Alessandra Colla ha lasciato questo commento nel post dedicato a Ipazia. Ho deciso che meritava il rilievo di un post autonomo, e non perché è una cara amica...
Accidenti, Ugo, altro che pubblicità-progresso!
Seriamente, grazie per lo spazio che mi dedichi.
Per la verità, lo scritto di don Ricossa mi era già stato segnalato da Giovanna Canzano (che ringrazio ancora per avermi permesso di parlare di Ipazia a mio piacimento), ma mi era mancato il tempo per replicare.
E poi, a dirla tutta, di replicare non avevo nemmeno tanta voglia.
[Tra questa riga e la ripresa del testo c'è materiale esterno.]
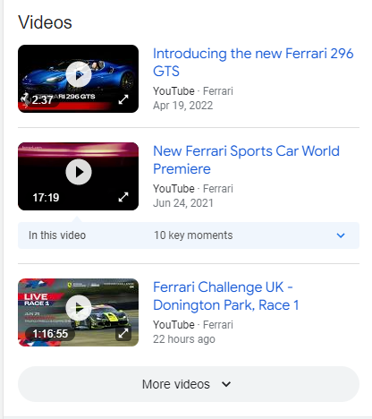 SERP features Carousel song list

Diciamo che definire l'assassinio di Ipazia come un fatto oscuro e marginale è la riprova di quanto sostenuto da Franco Cardini e, più modestamente, da me: ovvero che la rappresentazione, filmica o verbale, di quanto accadde ad Alessandria in quel marzo del 415 spiace grandemente a tutti coloro che si ostinano a leggere nel cristianesimo soltanto un'apoteosi di pace e di bontà --- che a me ricorda tanto, come diceva Guido Gozzano, «... il buono che derideva il Nietzsche / "...in verità derido l'inetto che si dice / buono, perché non ha l'ugne abbastanza forti..."». Lo spiega benissimo Luigi Lombardi Vallauri nel suo magistrale saggio "Nera luce", quando parla della violenza insita nel messaggio di Gesù.
Don Ricossa è liberissimo di dire, scrivere e pensare ciò che vuole --- siamo o non siamo in democrazia? Però la verità storica sta da un'altra parte.
Del resto, se persino il cardinale Tettamanzi, con grande sprezzo del ridicolo, ha avuto il coraggio di dire che «Uccidere in nome di Dio è il più assurdo crimine contro l'umanità» (nel 2006 Giovanni Paolo II aveva dato alle stampe un libro dal titolo "Non uccidere in nome di Dio") dimenticandosi un par di millenni di storia della Chiesa di Roma, perché stupirci?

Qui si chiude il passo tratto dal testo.